IT Spending

This is a great article published recently by columnist Christopher Mims in the Wall Street Journal.  Mims explains that recent research shows that the reasons why some companies make it while others don’t have to do with how much money companies spend on proprietary information technology systems and processes.  The reason the FAANG stocks have become such a disproportionate percentage of the market cap of the stock market is that the FAANG stocks account for a disproportionate amount of the proprietary IT spending.  Moreover, the gulf between these huge FAANG companies and smaller competitors will likely grow, not shrink.

Key Quote

Here is the key quote from Mims’ article, in my opinion:  “IT spending that goes into hiring developers and creating software owned and used exclusively by a firm is the key competitive advantage.
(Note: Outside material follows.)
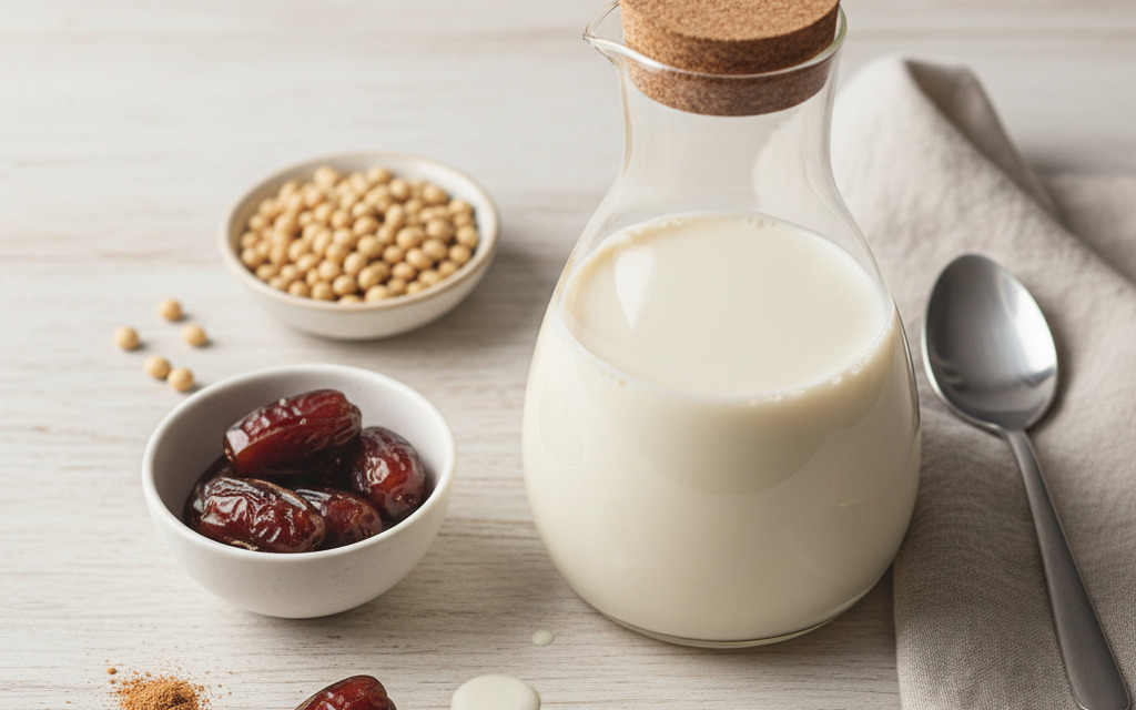 Schnelle vegane Soja-Milch mit einem Hauch von Vanille

It’s different from our standard understanding of R&D in that this software is used solely by the company, and isn’t part of products developed for its customers.”

Right Way/Wrong Way

Mims goes on to show that there is a right way and a wrong way for companies to spend on IT.  He uses the example of Wal-Mart and Sears, back a few decades ago.  Sears spent heavily on IT at the time but it spent it on outside consultants.  Wal-Mart built their own systems internally and developed their own proprietary scanning and inventory system.  Guess who won?  It appears that companies that develop their own software and systems and keep them for their own uses are the companies that win.

How to Tell

It is difficult to look at a company’s financial statement and tell how much they are spending on proprietary IT systems and how they are spending that money.  There may be narrative in the Annual Report or in press releases about IT spending and how it is being spent, which is helpful.  However, figuring out IT spending is more a qualitative rather than a quantitative skill.  I believe you have to read, ask, and read between the lines to figure out if a company knows what it is doing when it outlays money for IT.  It is helpful if you understand IT and have a working knowledge of what works and what doesn’t work.

IMO

This Mims article made me alter my opinion about why established companies grow bigger and why it is difficult for smaller companies to grow.  Although I still believe that regulatory hurdles are one issue why it is difficult for smaller companies to grow, I now understand that the scale and amount of money it takes to establish and maintain proprietary systems and processes means it is difficult for smaller companies to allocate sufficient resources in that direction.  Only the largest, most well-capitalized companies have enough money to pay for the brainpower they need to develop systems that set those companies apart.  Small and mid-cap companies face an uphill battle in order to compete with larger competitors who have a head start and more resources to spend on their own proprietary systems.